Nydia Blas uses photography, video, and collage to examine intimacy in the lives of girls, women, and mothers. Blas’ work reveals the personal and collective experience of discovery and reclamation of the body through gestures, costumes, and performance. This diptych image is taken from the series for black girls who want to die but would never hurt themselves (2012-ongoing), and features a confrontation between two young girls on a carpeted terrain. Here, fighting is epitomised as an intimate encounter, a physical performance in which power is made and restructured–someone will win, and someone will lose. Whether they struggle for respect, attention, honour, or simply out of frustration, we do not know, but afterwards they will have found the words to say it.
This work is presented as a part of There are no parts, an exhibition curated by Letticia Cosbert Miller that brings together artists Nydia Blas, Widline Cadet, Jasmine Clarke, and Michèle Pearson Clarke, who each explore the complexity of Black girlhood through photography.
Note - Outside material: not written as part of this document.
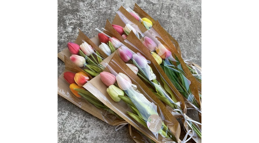 FONTOS! A csomag tartalma: 2 csokor 3 szálas gumitulipán csokor díszcsomagolásban, Sok szeretettel matricával ellátva, a színek a képen lévőkből kerülnek ki, 2 db RANDOM általam választott csokor kerül postázásra!!!

Here, girlhood is understood not merely as a temporal encounter, but as a framework through which we, regardless of age and gender, are able to engage with the meanings and lives of Black girls. Girlhood is a liberatory and creative space in which one is continually being and becoming, acquiring knowledge of self, and seeking practical ways of coping with and resisting cultural constraints and expectations. From the mundane to the magnificent, Black girls are responding to representations of and attitudes towards class, gender, race, ability, and sexuality. This exhibition displays those responses–the devices, gestures, and embellishments by which Black girls manifest their ideas and create their own, new images of self.